Privacy Fatigue: A Damaging Effect of Social Media
Identity and privacy have become increasingly difficult concepts to manage today. That’s because there exists a completely separate world on the Internet. This world, despite its individual appearance, interacts with real life, blurring the boundaries between the self and the collective. It’s a phenomenon that can also produce so-called privacy fatigue.
If you regularly use social networks or surf the Internet you may find yourself facing the dilemma of whether to reveal more personal information than you should. Alternatively, such information may even be stolen from you without your knowledge. This can cause feelings of insecurity which may become a burden to you.

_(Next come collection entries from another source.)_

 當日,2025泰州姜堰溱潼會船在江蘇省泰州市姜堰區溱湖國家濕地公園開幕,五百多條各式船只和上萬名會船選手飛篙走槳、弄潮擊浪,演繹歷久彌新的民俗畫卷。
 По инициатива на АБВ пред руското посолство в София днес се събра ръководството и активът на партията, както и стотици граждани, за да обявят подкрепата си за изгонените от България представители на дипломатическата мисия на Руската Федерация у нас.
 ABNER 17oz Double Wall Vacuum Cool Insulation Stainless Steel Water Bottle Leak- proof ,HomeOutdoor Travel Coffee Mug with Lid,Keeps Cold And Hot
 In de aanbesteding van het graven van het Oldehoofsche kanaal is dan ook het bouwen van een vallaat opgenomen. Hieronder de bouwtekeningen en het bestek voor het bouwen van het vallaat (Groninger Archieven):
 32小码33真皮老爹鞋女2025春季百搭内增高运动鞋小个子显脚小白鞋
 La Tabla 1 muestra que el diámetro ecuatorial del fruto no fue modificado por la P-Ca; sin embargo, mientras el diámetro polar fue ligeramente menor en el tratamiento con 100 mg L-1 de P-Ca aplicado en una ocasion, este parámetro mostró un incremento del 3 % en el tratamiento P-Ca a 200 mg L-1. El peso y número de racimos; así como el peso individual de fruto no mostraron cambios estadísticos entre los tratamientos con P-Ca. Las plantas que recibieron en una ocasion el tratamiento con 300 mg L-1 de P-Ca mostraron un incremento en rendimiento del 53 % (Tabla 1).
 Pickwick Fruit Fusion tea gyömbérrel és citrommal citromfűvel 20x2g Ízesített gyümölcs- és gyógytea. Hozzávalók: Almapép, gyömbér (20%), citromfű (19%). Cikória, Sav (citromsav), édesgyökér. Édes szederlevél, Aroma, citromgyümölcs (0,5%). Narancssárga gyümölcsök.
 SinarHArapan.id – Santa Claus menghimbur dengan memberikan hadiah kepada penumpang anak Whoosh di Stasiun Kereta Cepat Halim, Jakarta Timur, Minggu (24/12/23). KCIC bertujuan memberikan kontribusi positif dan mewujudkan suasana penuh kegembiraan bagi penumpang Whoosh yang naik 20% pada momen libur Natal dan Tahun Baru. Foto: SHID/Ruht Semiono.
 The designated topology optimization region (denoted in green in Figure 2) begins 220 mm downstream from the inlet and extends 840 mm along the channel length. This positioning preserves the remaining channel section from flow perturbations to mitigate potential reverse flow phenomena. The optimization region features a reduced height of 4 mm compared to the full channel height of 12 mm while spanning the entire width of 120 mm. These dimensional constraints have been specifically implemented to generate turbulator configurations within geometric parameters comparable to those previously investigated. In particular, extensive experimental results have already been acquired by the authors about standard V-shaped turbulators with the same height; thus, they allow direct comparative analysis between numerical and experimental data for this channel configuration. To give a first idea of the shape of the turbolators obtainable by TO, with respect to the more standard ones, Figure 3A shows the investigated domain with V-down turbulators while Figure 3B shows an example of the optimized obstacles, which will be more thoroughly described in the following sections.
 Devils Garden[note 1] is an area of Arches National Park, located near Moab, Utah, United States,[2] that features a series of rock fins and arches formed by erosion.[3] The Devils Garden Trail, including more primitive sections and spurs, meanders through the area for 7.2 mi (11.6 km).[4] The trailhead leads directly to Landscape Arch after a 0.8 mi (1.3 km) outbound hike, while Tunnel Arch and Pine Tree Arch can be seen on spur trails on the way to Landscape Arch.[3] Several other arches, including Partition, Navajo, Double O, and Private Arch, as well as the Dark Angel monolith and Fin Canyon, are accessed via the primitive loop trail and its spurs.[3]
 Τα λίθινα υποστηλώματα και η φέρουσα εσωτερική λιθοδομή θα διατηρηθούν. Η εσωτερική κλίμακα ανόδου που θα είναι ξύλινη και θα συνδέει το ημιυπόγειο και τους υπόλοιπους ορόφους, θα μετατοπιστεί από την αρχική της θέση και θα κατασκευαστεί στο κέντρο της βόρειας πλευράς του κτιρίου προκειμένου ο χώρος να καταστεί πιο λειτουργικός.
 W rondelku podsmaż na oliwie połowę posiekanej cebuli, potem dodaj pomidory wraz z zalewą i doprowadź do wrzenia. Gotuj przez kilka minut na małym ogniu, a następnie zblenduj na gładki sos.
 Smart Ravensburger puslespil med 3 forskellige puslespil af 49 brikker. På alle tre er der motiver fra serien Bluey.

To this end, a group of psychologists has studied the concept of privacy fatigue. In this article, we tell you everything you need to know about this fascinating subject.
Privacy fatigue is a feeling of tiredness related to your belief that there’s no effective way of managing your personal information online. In fact, you feel that you’re exposing yourself to the risks derived from surfing the net and using social media.
Due to its frequency, this syndrome is fast becoming a new psychological disorder. Nevertheless, it’s not yet included in any evaluation and diagnosis manual.
Psychologists at the Ulsan National Institute of Science and Technology (South Korea) have conducted a study regarding the phenomenon of privacy fatigue. The researchers noted that large numbers of users experienced symptoms similar to psychological fatigue resulting from Internet contexts where privacy isn’t very clear.
This feeling of lack of privacy is common to all users. However, some people are more concerned about not sharing their personal information than others. In fact, these people spend a lot of time reading the terms and conditions that most users accept immediately.
Symptoms of privacy fatigue
Nowadays, there are many decisions you have to make on a daily basis. For example, you might wonder if it’s harmless to publish a certain photo. In addition, you have to make a decision about cookies on each webpage you enter, as well as choosing a good antivirus and antimalware package. These kinds of decisions can produce the following:
- Feelings of psychological fatigue. This concerns the lack of skills and resources you may have in managing your personal information on the Internet.
- Learned helplessness. You may be so overwhelmed with trying to protect your privacy, you actually end up lowering your guard due to feelings of frustration, hopelessness, or disappointment.
- An inability to clearly draw the line between public and private. Although the word “private” appears frequently on social media, the truth is that it still involves publishing something for others to see. The concepts are blurred and, with them, your ability to make appropriate decisions.
All this can lead to an abandonment of precautions in protecting your online privacy. This, in turn, can lead to problems such as theft of your personal data.
There’s currently no specific treatment for privacy fatigue. However, going to a professional will be beneficial if you find yourself suffering from this disorder. They’ll be able to establish a personalized intervention plan for you, according to your own individual needs.
The blurred line between the private and the public
Generally, we’re all concerned about the disclosure of our personal information without our consent. However, privacy fatigue and learned helplessness often make the “agreeing to terms and conditions” an automatic process.
This is known as the ” privacy paradox. “ It means that people voluntarily reveal personal information despite their concern about it. This phenomenon also has a darker side, as its roots go much deeper than simple fatigue.
One of the factors that most blurs the line between the intimate and the public is social media. At present, the construction of identity has a strong relationship with what’s published on these platforms. For this reason, many people perceive that a loss of privacy is inevitable.
The community construction of identity, the sense of belonging, and, of course, the lack of regulation, put users in a constant dilemma about privacy. However, are we really in control of our data traffic? It’s hard to tell from this side of the screen.